**Data block**

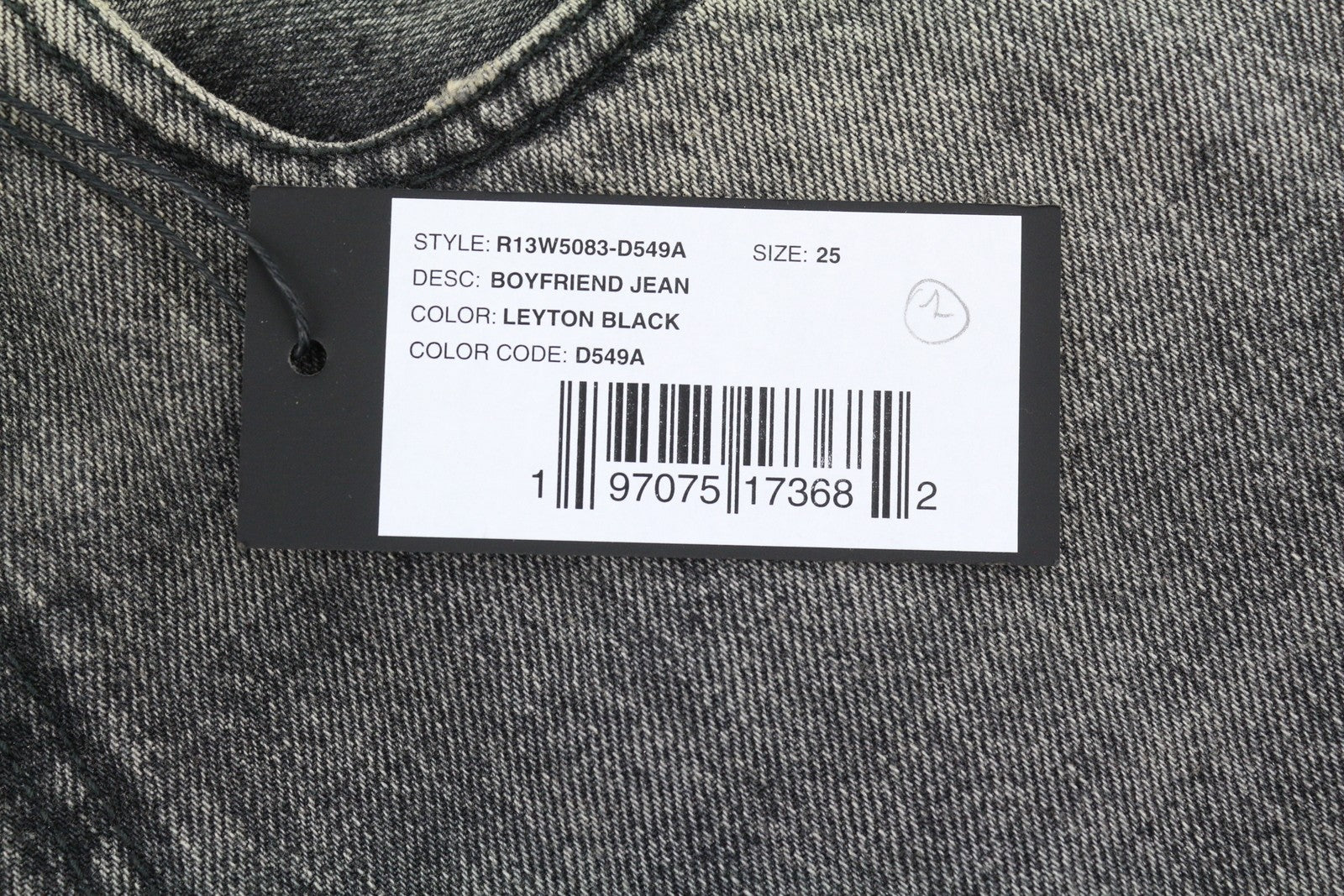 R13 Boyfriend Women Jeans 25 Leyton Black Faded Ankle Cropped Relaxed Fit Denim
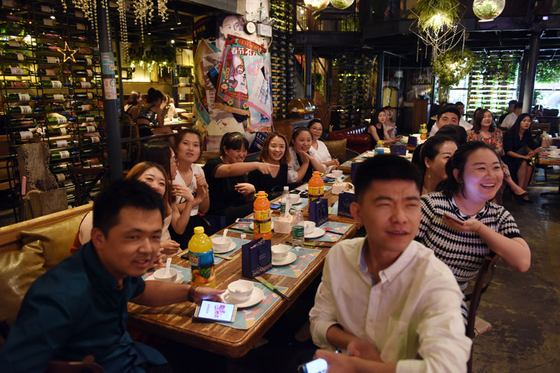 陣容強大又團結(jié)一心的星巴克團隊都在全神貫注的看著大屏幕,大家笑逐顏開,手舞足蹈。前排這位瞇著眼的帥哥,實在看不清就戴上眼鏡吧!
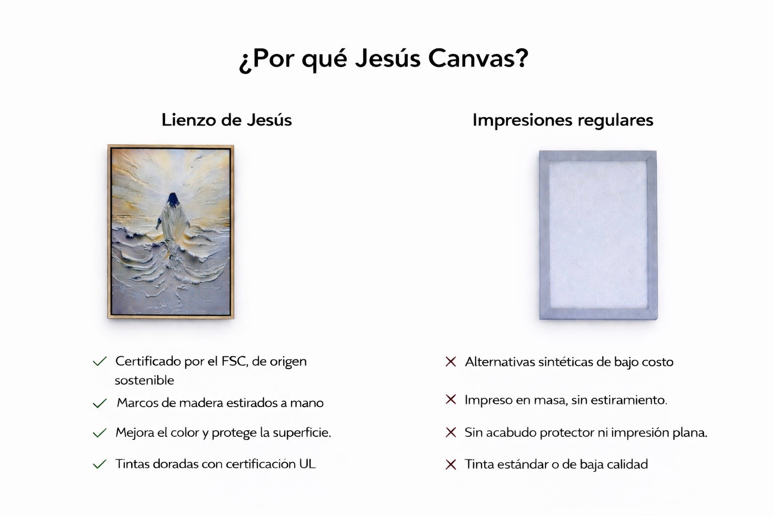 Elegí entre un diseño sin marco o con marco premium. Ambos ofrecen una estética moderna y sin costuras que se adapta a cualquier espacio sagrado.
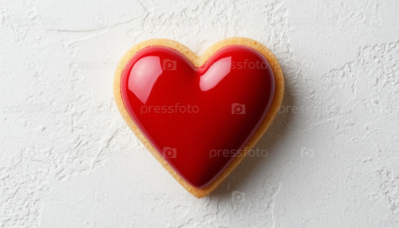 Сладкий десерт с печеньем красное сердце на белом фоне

**Task prompt**
Restate all of the material above word for word. Pictures do not belong in it.

**Your solution**
 R13 Boyfriend Women Jeans 25 Leyton Black Faded Ankle Cropped Relaxed Fit Denim
 陣容強大又團結(jié)一心的星巴克團隊都在全神貫注的看著大屏幕,大家笑逐顏開,手舞足蹈。前排這位瞇著眼的帥哥,實在看不清就戴上眼鏡吧!
 Elegí entre un diseño sin marco o con marco premium. Ambos ofrecen una estética moderna y sin costuras que se adapta a cualquier espacio sagrado.
 Сладкий десерт с печеньем красное сердце на белом фоне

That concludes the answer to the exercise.